Many companies are bracing for a recession this year, and one looks to be coming, with gross domestic product up just 1.1% in the first quarter of 2023, below expectations. But that doesn't mean all businesses are going to be struggling.

DraftKings (DKNG -1.40%) and DexCom (DXCM 0.49%) are projecting their top lines to rise by 20% or more this year. What's behind their strong prospects, and are these stocks worth buying right now?

1. DraftKings

Sports betting has been growing in recent years as the government has lifted the ban on it and more states have legalized it. And one company that is benefiting from that trend is gambling and entertainment company DraftKings, which allows people to place bets through its sports book (where it's legal to do so) and lets fans play fantasy sports.

In 2022, the company experienced significant revenue growth with sales of $2.2 billion rising an impressive 73% year over year. While that fast rate is likely to come down, DraftKings still projects sales to rise to $2.95 billion this year, which would be an increase of 32%.

Management is particularly bullish on mobile sports betting and gambling, noting that there is legislation in the works that could legalize iGambling in five states that account for 14% of the population. Currently, its mobile sports-betting business is live in 20 states, reaching 42% of the population.

Recession or not, DraftKings should experience growth this year simply by taking advantage of new markets opening up and benefiting from the industry's early growth stages. And with sports betting, consumers have a lot of flexibility in deciding how much to wager; there's no large purchase required. That can draw in bettors and keep sales strong for DraftKings, even during a downturn in the economy.
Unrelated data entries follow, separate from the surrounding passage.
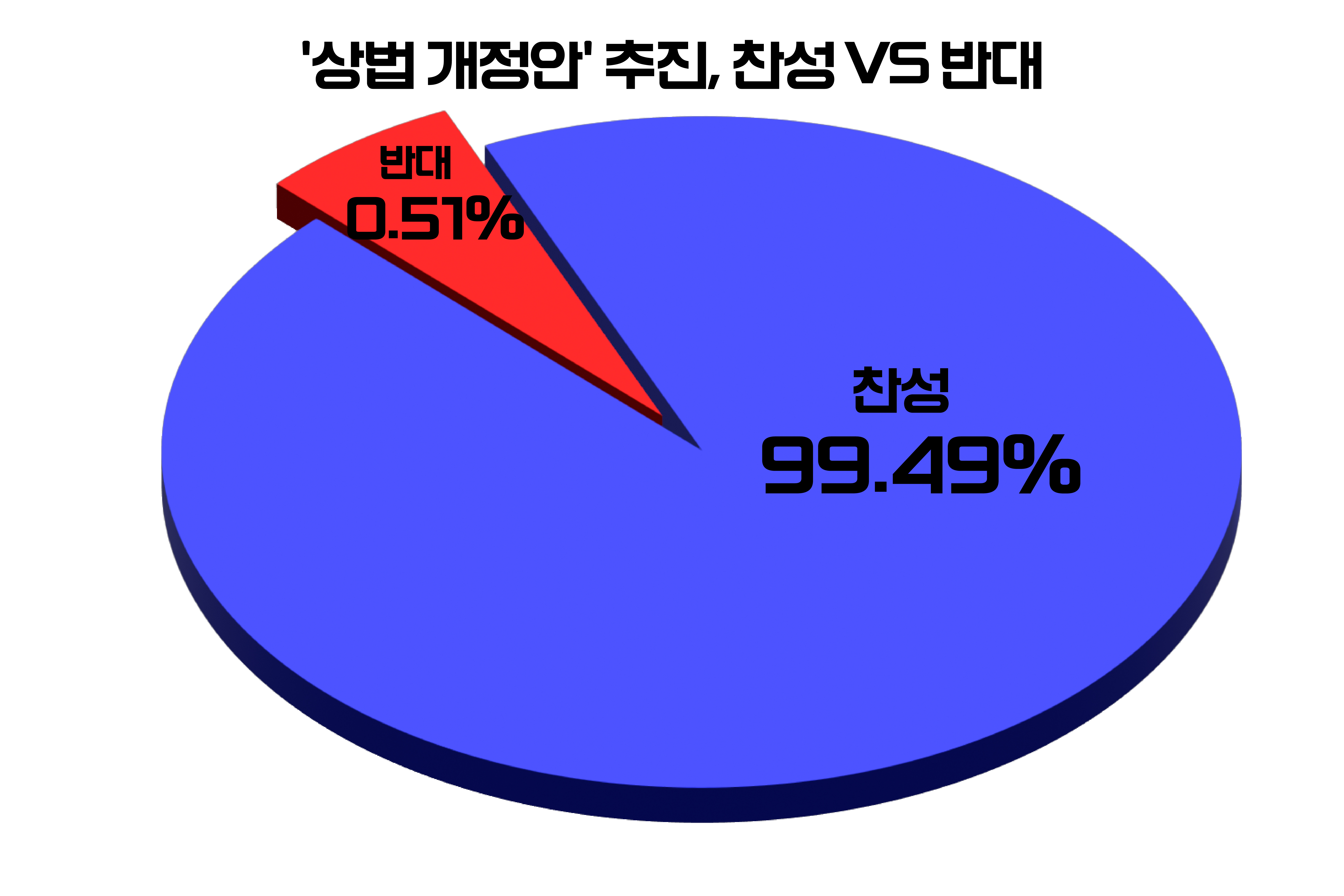 앞서 개인 투자자 이익을 보호하기 위한 ‘상법 개정안’은 야당인 더불어민주당이 당론으로 채택하고 연내 본회의에 상정하겠다고 밝히면서 뜨거운 감자로 급부상했다.
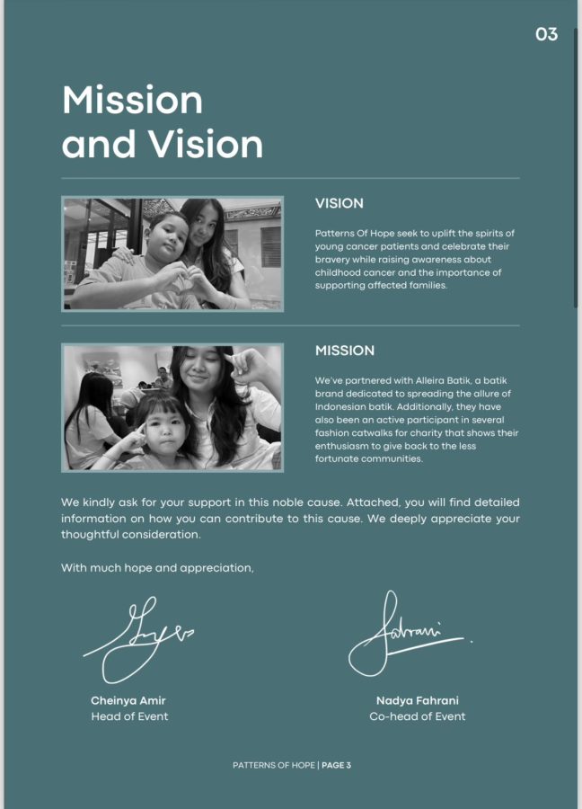 Ketua event Patterns of Hope, Cheinya Amir bersama Wakil Ketua Nadya Fahram, yang masih duduk di kelas 1 SMA ini mengungkapkan kegiatan Patterns of Hope digelar sebagai ajang untuk membantu dan memberikan kepedulian kepada anak-anak pengidap kanker di Indonesia.
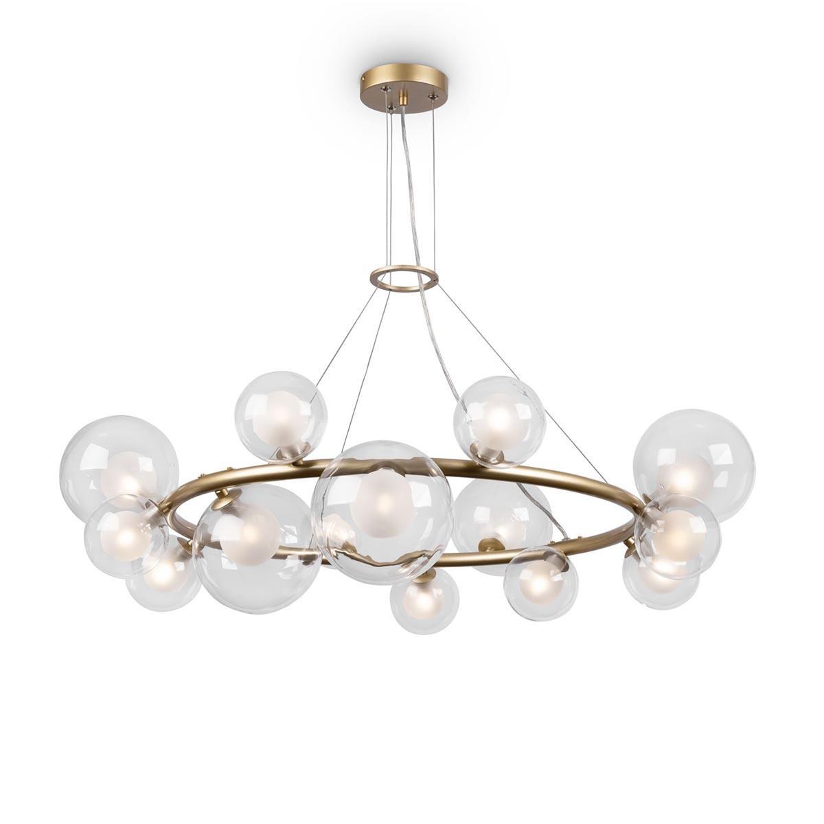 Создавая серию Duo, дизайнеры вдохновлялись стилистикой mid-century modern, в частности – «молекулярной» формой предметов. Арматура оттенка матового золота выполнена из металла, а двойные плафоны-сферы – из стекла. Внутренняя часть плафона – белого цвета, внешняя – прозрачная. Расположенные вдоль широкой окружности, они обеспечивают равномерное, яркое освещение. Визуальную легкость композиции подчеркивают тонкие, почти невидимые тросы – создается иллюзия трендового «парящего» света. Две подвесные люстры обеспечивают различную интенсивность подсветки – можно выбрать подходящий вариант (из 10 или 14 плафонов) с учетом размеров помещения. Светильники станут эффектным акцентным элементом обстановки в стиле mid-century modern, постмодерн, ар-деко, эклектика, хай-тек.

But there is still risk since the company incurred a $1.4 billion loss last year. And so even if you're excited with the prospects, you might need to consider whether you're willing to hang on for what could be a bumpy ride for this unprofitable business, as it could take years before it gets out of the red. DraftKings is a good growth stock, but it might not be suitable for every investor.

2. DexCom

DexCom makes continuous glucose monitors (CGMs), which help people with diabetes manage their condition. As the number of diabetics continues to rise, there's a growing need for the company's CGMs, which ensures that prospects remain strong in the long term. The company recently launched its most recent iteration, the Dexcom G7, which promises to be its most accurate device yet. 

The company has been off to a good start in 2023 with sales of about $742 million for the first three months of the year, up 19% on an organic basis. And DexCom projects that 2023 revenue could rise to more than $3.5 billion, a growth rate as high as 21%.

Since diabetes is a chronic condition that requires constant care and monitoring, DexCom's business could be more resilient than most during a recession. The company is a bit of a safer buy than DraftKings in that its business is already profitable. Last year, the healthcare company reported net income of $341 million on revenue of $2.9 billion, for a net profit margin of a little under 12%.

DexCom isn't a cheap stock, trading at close to 150 times trailing earnings. But for long-term investors, it still provides lots of good value. Its CGMs are growing in popularity, and they fill a big need. Meanwhile, DexCom's financials should improve, bringing its price-to-earnings multiple down in the process.